We initially tested the differences between the two models with the use of Akaike Information Criterion and Bayesian Information Criterion, in both tests `urb.glm`

returned a better result than `urb.lm`

. We compared the two Q-Q plots side by side, and `urb.glm`

’s plot appears more linear, while `urb.lm`

’s has severe discrepancies near the tails and the entirety of the right-hand side.

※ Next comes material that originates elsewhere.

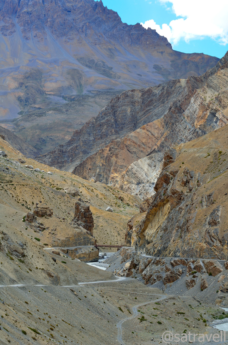 Even though we reached Pangmo by 1400hrs, the drizzle made us rethink about our plans to cross the mighty Kunzum La, later in the evening, where weather can get real nasty at times. A typical Spiti afternoon included headwinds, growing in velocity as the day progressed, and sunrays piercing into the skin. The valley receives very little rain round the year and monsoon spells are mostly dry. We didn’t want to take any risk and planned to call it a day at village Losar still a couple of hours away.

While our preliminary testing had given us evidence that `urb.glm`

was the better model, we decided additional testing was necessary. We ran a hypothesis test between bootstrapped mean squared errors. The probability under the basic linear model of observing a large gap in mean squared errors is 0.0009. Using an alpha level of 0.05, we find the result significant. Meaning, there is evidence to suggest that `urb.lm`

does worse than `urb.glm`

.

We have tested and compared our two models. While `urb.lm`

performed well according to our cross-validated mean squared error, it has severe issues with collinearity. `urb.glm`

, Performed better on all of our testing, residuals and mean squared error. All results give credence, to our belief that `urb.glm`

is a better model than `urb.lm`

.

Our initial theory is well explained by `urb.glm`

. Our original theory posited that economic growth pre-Industrial Revolution is best explained by Atlantic trade and a free society. `urb.glm`

Included significant terms for Atlantic Trade both in interaction with Atlantic coastal area and with initial executive constraint in a country. Similarly, the initial constraint in interaction with Atlantic trade is significant at all levels, indicating its importance to the model and evidence to our theory. Interestingly the coefficient for initial constraint begins negative, moves positive and levels out. We believe that this indicates that there is a limit to how free a country can be at which point executive constraint does not affect economic growth. Conversely, having little executive constraint negatively affects economic growth. We have found evidence to suggest that economic growth during the primitive accumulation was driven by Atlantic trade and executive constraint.